> [ABOUT THIS TASK] From the line that holds "The Jengolee folding" down to the last line of the listing below, reproduce each line exactly and nothing more, omitting pictures.

> [DATASET CONTENT]
- - -
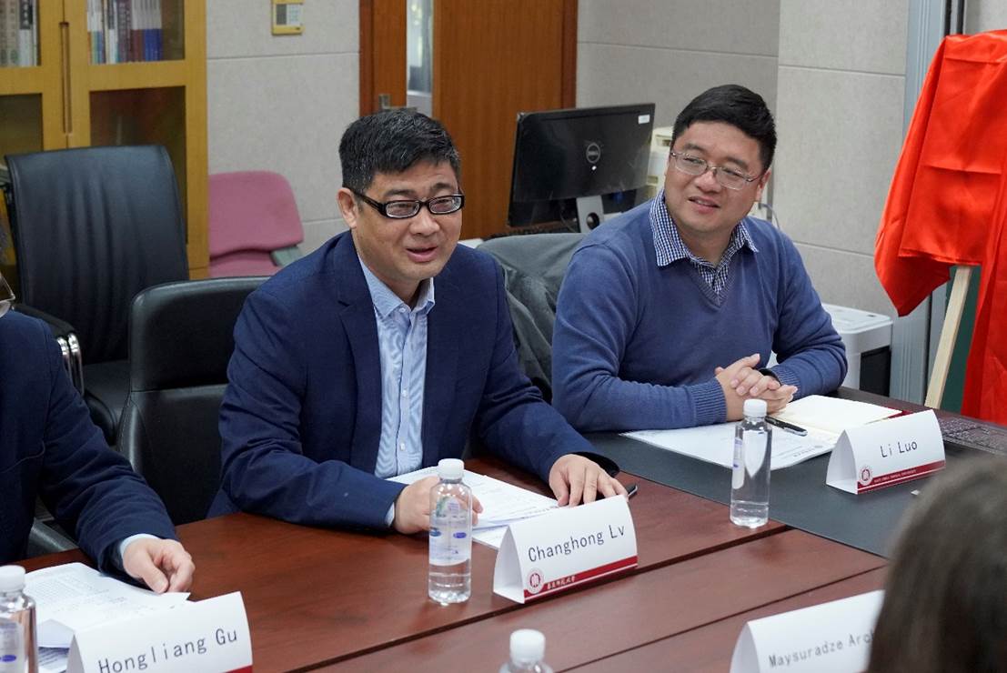 4月4日上午,华东师范大学数学科学学院中俄院士工作站揭牌仪式在闵行校区数统楼103室举行。莫斯科国立大学伊利英·亚历山大院士、布达克·鲍里斯副教授、马伊苏拉德泽·阿奇尔副教授,华东师范大学副校长顾红亮、国际合作与交流处处长杜震宇等,数学科学学院院长吕长虹及部分班子成员、教师、学生代表出席仪式。揭牌仪式由数学科学学院副院长罗栗主持。
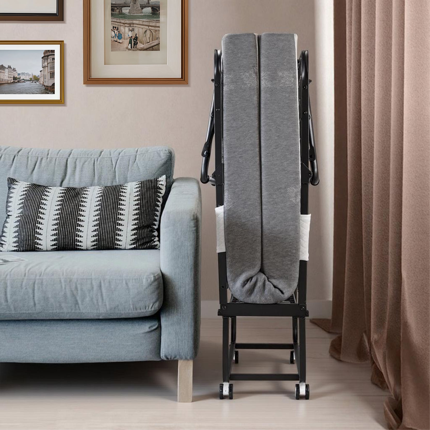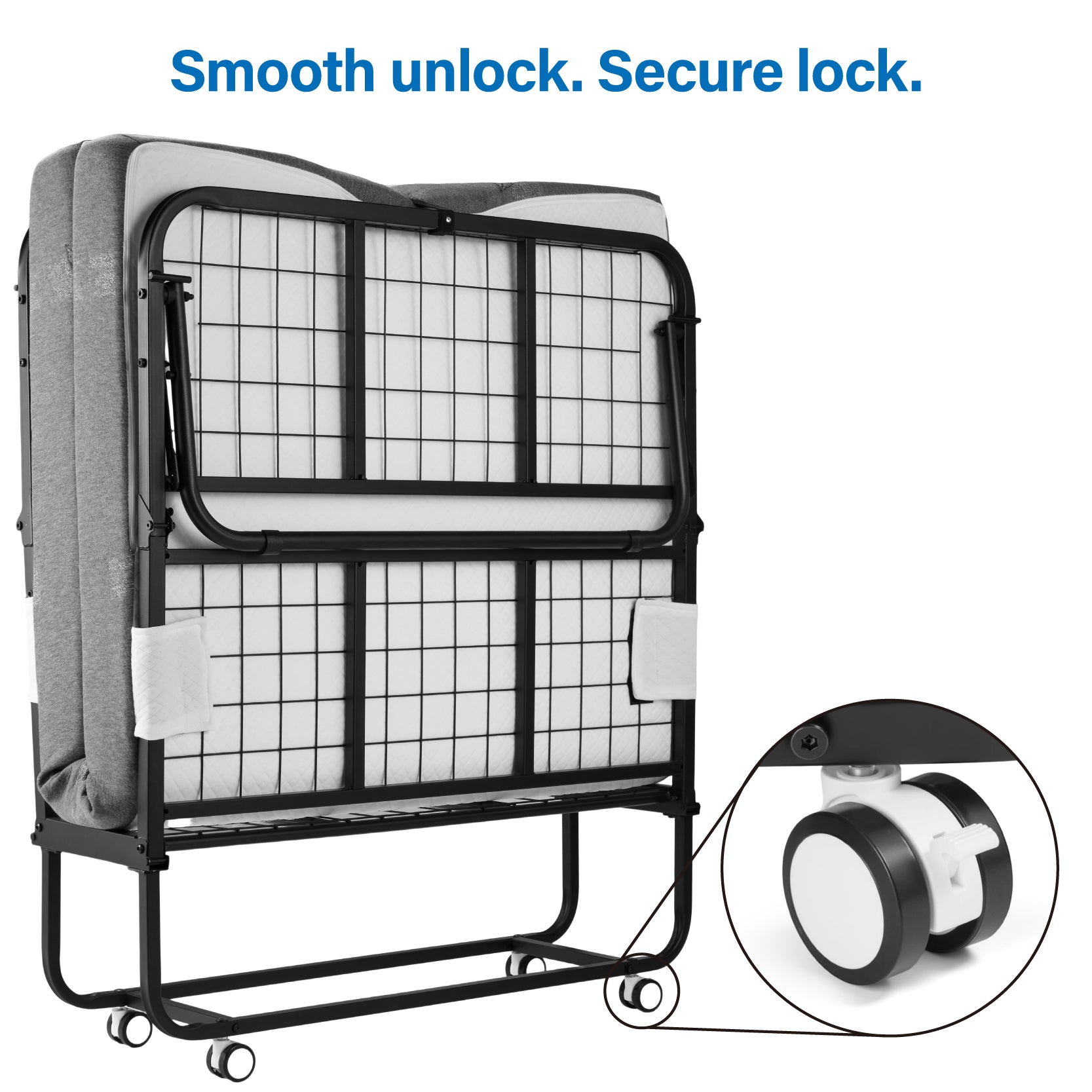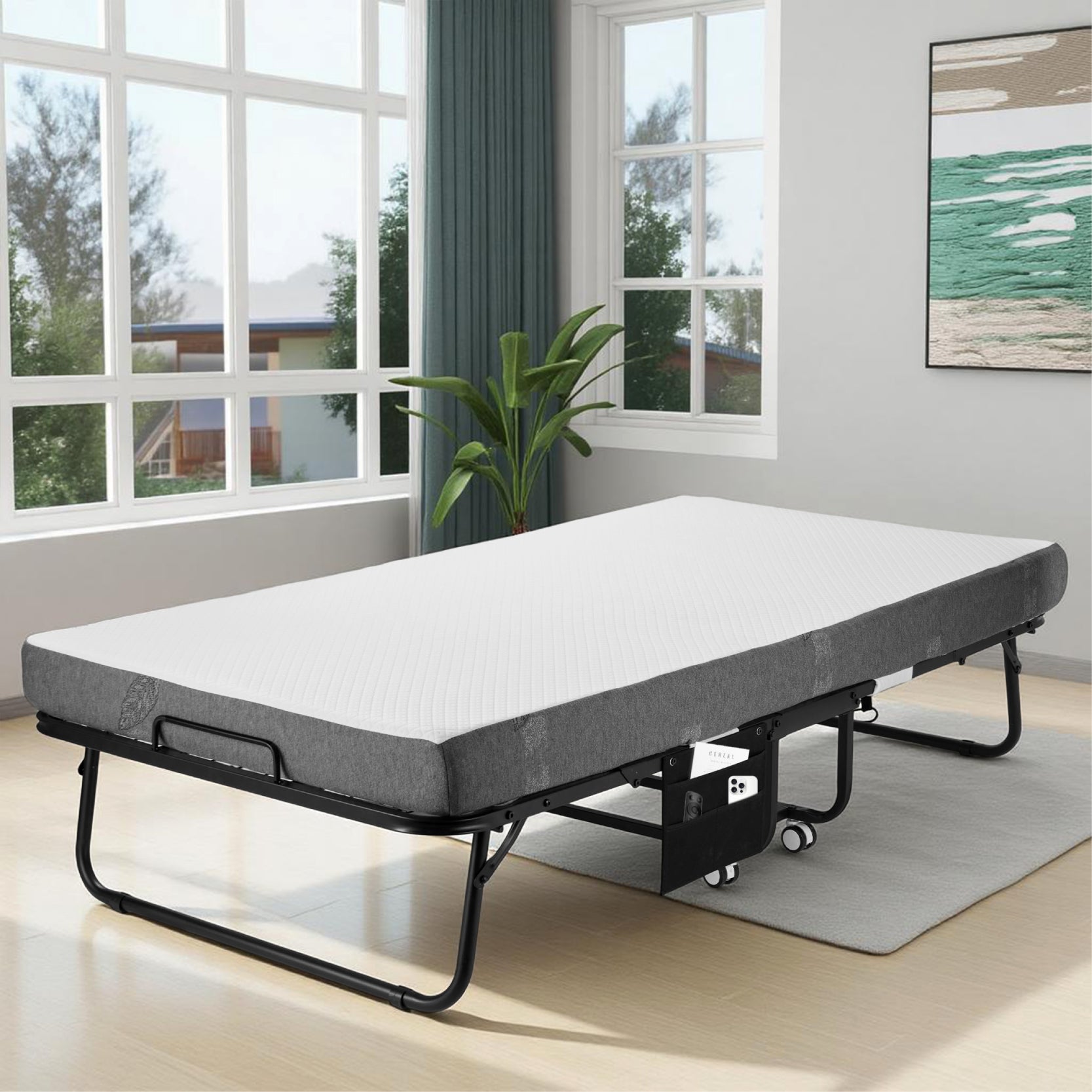 The Jengolee folding bed with mattress is equipped with smooth-rolling casters that can be locked in place, making it easy to move around as needed. Its folding design allows for efficient space utilization—perfect for guest rooms, offices, or small apartments.
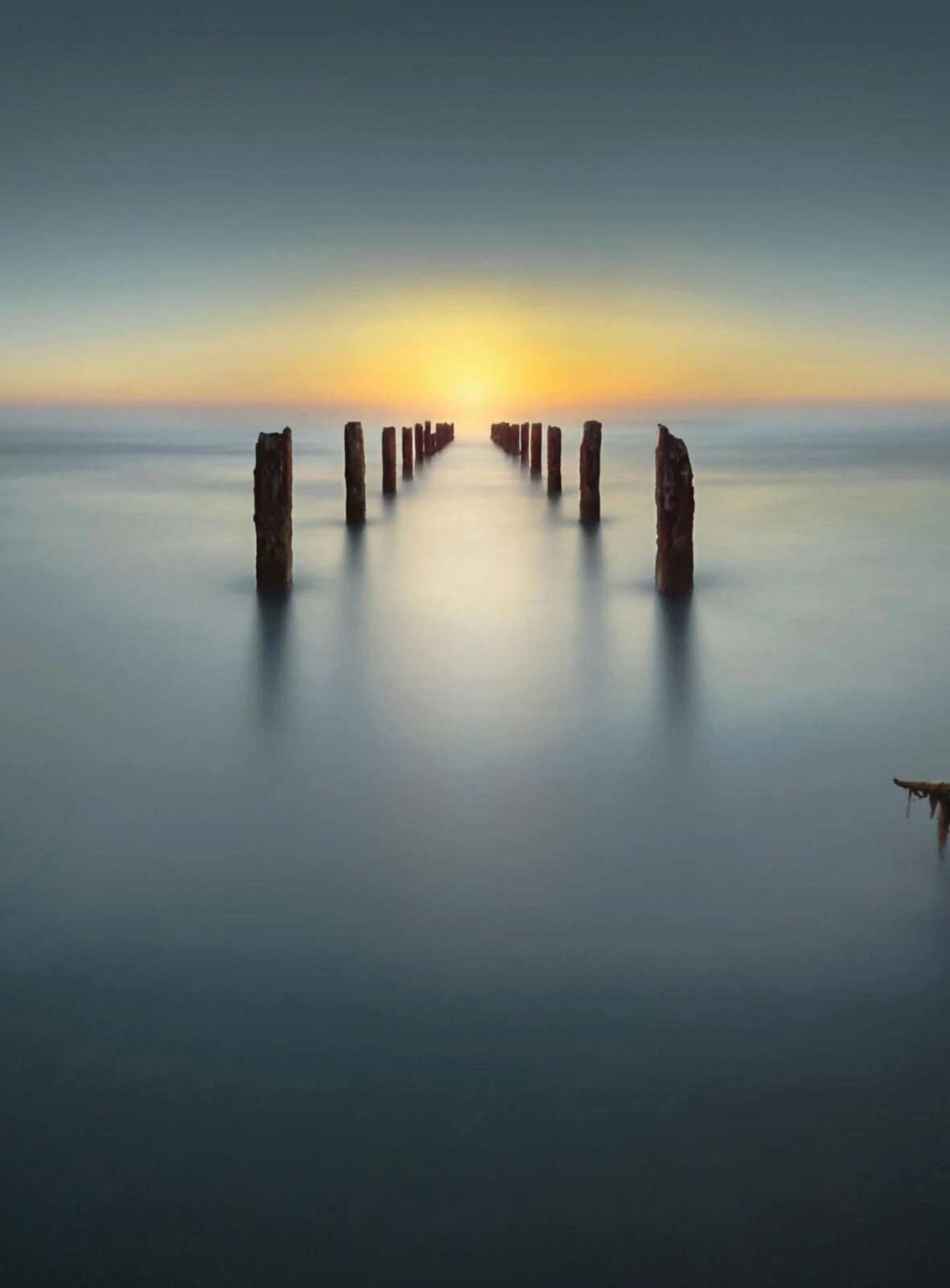 Fototapete DESIGNWALLS 2.0 – blau-gelb – Steg – 2,6 Meter
- - -
> [SOLUTION TO THIS TASK]
 The Jengolee folding bed with mattress is equipped with smooth-rolling casters that can be locked in place, making it easy to move around as needed. Its folding design allows for efficient space utilization—perfect for guest rooms, offices, or small apartments.
 Fototapete DESIGNWALLS 2.0 – blau-gelb – Steg – 2,6 Meter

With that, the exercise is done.